Today in History

Today in History: April 9

Lee Surrenders

Portrait of Maj. Gen. Ulysses S. Grant
Major General Ulysses S. Grant, officer of the Federal Army,
Brady National Photographic Art Gallery, between 1860 and 1865.
Civil War Photographs, 1861-1865

Portrait of Gen. Robert E. Lee
General Robert E. Lee, officer of the Confederate Army,
Julian Vannerson, photographer, 1863.
Civil War Photographs, 1861-1865

"It would be useless and therefore cruel," Robert E. Lee remarked on the morning of April 9, 1865, "to provoke the further effusion of blood, and I have arranged to meet with General Grant with a view to surrender."1

The two generals met shortly after noon on April 9, 1865, at the home of Wilmer McClean in the village of Appomattox Court House, Virginia. Lee's surrender of the Army of Northern Virginia to Ulysses S. Grant, general-in-chief of all United States forces, hastened the conclusion of the Civil War.

In the weeks following, Confederate forces surrendered, and Confederate President Jefferson Davis was captured. On April 14, President Lincoln's name was added to the list of over 1 million Civil War casualties, and the bloody era the that began four years earlier in the corn fields of Manassas, Virginia finally was brought to a close.

After the surrender, former soldiers slowly returned home.
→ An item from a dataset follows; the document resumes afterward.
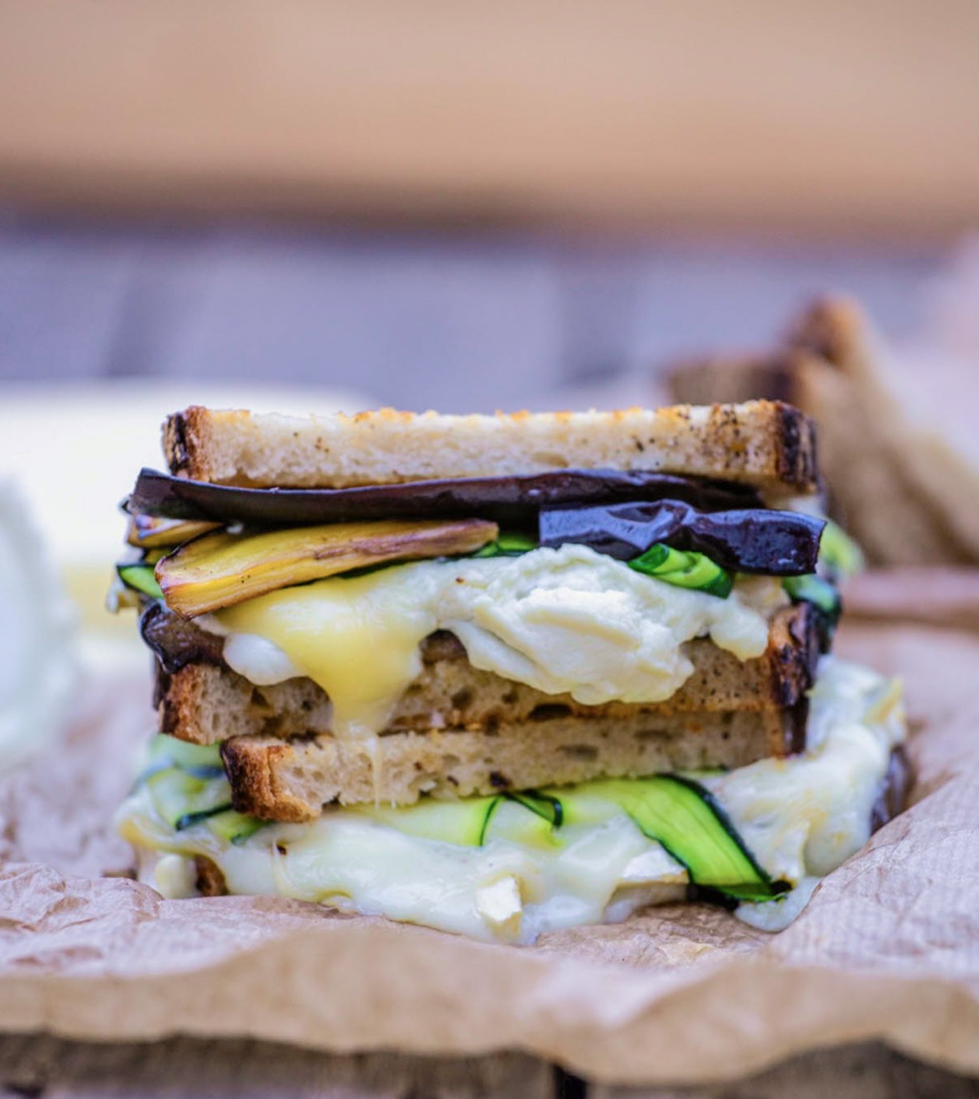 Un gros sandwich chaud au fromage fondu et légumes cuisinés, coincés entre 2 tranches de pain au levain toasté.
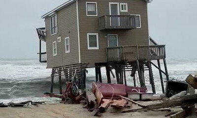 Ce mardi 10 mai 2022 à Cape Hatteras National Seashore, en Caroline du Nord, deux maisons heureusement inoccupées sur pilotis se sont faits emportées dans l'océan Atlantique. Pour des raisons de sécurité, la plage a été ...

One young Southerner despaired of seeing her husband again, when he turned up in Richmond ragged, but recognizable. Remembering the difficult years during and after the war she summed up her experience:

We had nothing on which to begin life over again, but we were young and strong, and began it cheerily enough. We are prosperous now, …little grandchildren cluster about us and listen with interest to grandpapa's and grandmamma's tales of the days when they "fought and bled and died together." They can't understand how such nice people as the Yankees and ourselves ever could have fought each other. "It doesn't seem reasonable," says Nellie…who is engaged to a gentleman from Boston, where we sent her to cultivate her musical talents, but where she applied herself to other matters, 'it doesn't seem reasonable, grandmamma, when you could just as easily have settled it all comfortably without any fighting. How glad I am I wasn't living then! How thankful I am that 'Old Glory' floats alike over North and South, now!'

And so am I, my darling, so am I!

Myrta Lockett Avary, ed.
A Virginia Girl in the Civil War, 1861-1865 (New York: D. Appleton and Co., 1903)
Electronic Edition, University of North Carolina at Chapel Hill, 1997
First-Person Narratives of the American South, Beginnings to 1920

Federal soldiers at the Courthouse
Federal Soldiers at the Court House, Appomattox Court House, Virginia,
Timothy H. O'Sullivan, photographer, April 1865.
Civil War Photographs, 1861-1865

Appomattox Court House, Va.
McLean House, Appomattox Court House, Virginia,
Timothy H. O'Sullivan, photographer, April 1865.
Civil War Photographs, 1861-1865

Civilians in front of the hotel
Civilians in front of the Hotel, Appomattox Court House, Virginia,
Timothy H. O'Sullivan, photographer, April 1865.
Civil War Photographs, 1861-1865

1 E.B. Long with Barbara Long, The Civil War Day By Day: An Almanac, 1861-1865, (1971; reprint, New York: Da Capo Press, 1971), 670.